The grocery list I actually use
This is the list I keep on a magnet on the fridge. It has a few notes from the kids ("goldfish please!!" from Ellie, in pencil) but here is the clean version:
Always on hand
- Olive oil, butter, salt, pepper
- Yellow onions, garlic, lemons
- Rice, pasta, orzo
- Canned tomatoes, canned black beans, canned chickpeas
- Parmesan, block cheddar, a little jar of salsa
- Eggs
- Whatever bread is good that week
Fresh, weekly
- Chicken thighs (about 2 lb)
- Broccoli, spinach or kale, carrots
- Whatever fruit is in season — apples most weeks, berries when they're cheap
- One avocado, hopefully ripe
- Milk, plain yogurt, half-and-half
Occasional
- Bacon (Fridays, sometimes)
- A ball of pizza dough (Saturdays)
- A new vegetable I'm trying, which I will buy and then not use
It's probably a $120 grocery haul per week at our store, which is reasonable for a family of four in 2026.
Why I write the list down on paper
I tried the grocery app thing. I tried the shared note on our phones. I tried a spreadsheet. None of it stuck. Paper, stuck to the fridge with a magnet, near where I actually cook, works. When I use the last lemon I write "lemons" on the list. When I open the last can of beans I write "beans." By the time I go to the store, the list has written itself.
There is something deeply calming about the paper list. It is the same calm I get from a handwritten card or a real book. I know this is a cliché now, but it is a cliché because it's true.
Most of what I've learned about cooking has nothing to do with recipes. It has to do with the fact that you have to do it every night, forever, and the best thing you can do for your future self is make it simple.
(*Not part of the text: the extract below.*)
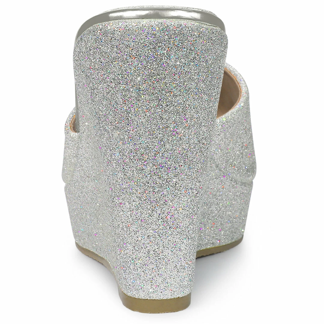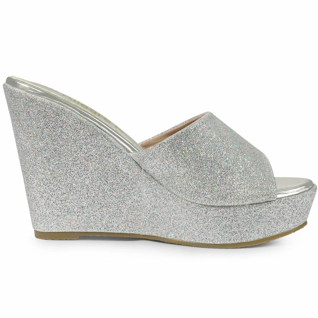 Add stylish footwear to your look with wedge heels sandals by Allegra K. Glitter creates the slip-on design and platform finish the look.

Permissions, if you want them
A few things I want to give you permission to do, if you are the kind of person who needs permission from a blog:
- Eat the same six things every week. It is not boring. It is restful.
- Use canned beans. Use frozen broccoli. Use pre-minced garlic if you have a long day.
- Don't make a new thing. Please don't make a new thing. Make a thing you know.
- Throw the whole dinner out and order a pizza sometimes. This is a healthy and legal activity.
What I've learned, after years of trying to be a more creative weeknight cook, is that creativity is for the weekend. Tuesdays are for chicken.